Court Opinion

ID: 1509245
Source: CourtListenerOpinion
Date Created: 2013-10-30 06:31:18.228393+00
Date Added: 2024-06-11T18:11:03.119220
License: Public Domain

113 F.2d 552 (1940)
UNITED STATES
v.
ONE DODGE SEDAN et al.
No. 7281.
Circuit Court of Appeals, Third Circuit.
June 29, 1940.
*553 J. Cullen Ganey, U. S. Atty., and J. Lawrence Grim, Asst. U. S. Atty., both of Philadelphia, Pa. (Julian R. Eagle, of Philadelphia, Pa., of counsel), for appellant.
Maurice Freedman, James F. Masterson, and James P. McGranery, all of Philadelphia, Pa., for appellees.

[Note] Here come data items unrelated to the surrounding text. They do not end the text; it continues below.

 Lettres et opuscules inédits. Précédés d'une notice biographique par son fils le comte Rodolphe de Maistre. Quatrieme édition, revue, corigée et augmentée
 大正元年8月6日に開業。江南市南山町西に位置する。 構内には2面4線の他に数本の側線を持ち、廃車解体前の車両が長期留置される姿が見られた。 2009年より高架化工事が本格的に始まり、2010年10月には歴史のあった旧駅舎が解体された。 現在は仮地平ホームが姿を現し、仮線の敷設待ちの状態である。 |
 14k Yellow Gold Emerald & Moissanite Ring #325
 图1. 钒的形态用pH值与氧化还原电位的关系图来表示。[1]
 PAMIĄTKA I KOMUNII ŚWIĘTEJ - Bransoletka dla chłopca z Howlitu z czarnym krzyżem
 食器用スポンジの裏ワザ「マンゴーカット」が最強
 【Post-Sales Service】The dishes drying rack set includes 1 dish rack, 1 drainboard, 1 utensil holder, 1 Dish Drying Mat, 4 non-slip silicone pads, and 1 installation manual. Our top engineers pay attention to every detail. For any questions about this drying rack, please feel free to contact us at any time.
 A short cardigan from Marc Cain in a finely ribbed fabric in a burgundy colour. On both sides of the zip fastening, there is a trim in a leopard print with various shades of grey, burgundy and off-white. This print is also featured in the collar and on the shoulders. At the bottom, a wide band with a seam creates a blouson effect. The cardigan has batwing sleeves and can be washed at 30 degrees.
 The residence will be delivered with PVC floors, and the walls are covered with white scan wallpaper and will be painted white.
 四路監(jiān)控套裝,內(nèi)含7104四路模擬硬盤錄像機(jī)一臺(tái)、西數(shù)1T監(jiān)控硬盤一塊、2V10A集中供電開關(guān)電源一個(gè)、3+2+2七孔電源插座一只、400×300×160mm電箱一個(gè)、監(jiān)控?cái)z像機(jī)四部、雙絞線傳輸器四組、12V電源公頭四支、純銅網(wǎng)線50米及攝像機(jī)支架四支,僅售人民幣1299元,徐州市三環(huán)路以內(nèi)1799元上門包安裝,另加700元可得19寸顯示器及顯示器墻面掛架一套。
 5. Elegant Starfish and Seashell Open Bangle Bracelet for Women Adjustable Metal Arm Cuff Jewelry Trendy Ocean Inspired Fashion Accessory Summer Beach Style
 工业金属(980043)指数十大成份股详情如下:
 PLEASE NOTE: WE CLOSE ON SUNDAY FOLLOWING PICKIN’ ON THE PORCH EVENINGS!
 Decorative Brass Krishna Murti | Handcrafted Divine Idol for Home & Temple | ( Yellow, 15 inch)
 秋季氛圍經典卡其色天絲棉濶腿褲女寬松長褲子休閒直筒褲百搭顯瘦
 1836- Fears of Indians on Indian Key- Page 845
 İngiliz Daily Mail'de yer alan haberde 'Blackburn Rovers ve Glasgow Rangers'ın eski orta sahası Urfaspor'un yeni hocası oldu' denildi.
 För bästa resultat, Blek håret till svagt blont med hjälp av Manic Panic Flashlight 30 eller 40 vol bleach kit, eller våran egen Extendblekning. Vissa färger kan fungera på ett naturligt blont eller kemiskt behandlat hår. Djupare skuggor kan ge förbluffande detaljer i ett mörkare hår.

Before BIGGS, MARIS, and CLARK, Circuit Judges.
CLARK, Circuit Judge.
The learned district court rendered its judgment with obvious reluctance. That reluctance appears both in its opinion and in the colloquies. It felt itself bound, however, by the decision of the United States Supreme Court in the case of Coffey v. United States, 116 U.S. 436, 6 S. Ct. 437, 29 L. Ed. 684. That case has received a distinctly "unfavorable press".[1] It has also suffered by implication, at least, in later decisions of the same tribunal.[2] These cases certainly limit its holding to the particular facts. One has indeed the impression that only the shibboleth of "stare decisis" has saved it from express repudiation.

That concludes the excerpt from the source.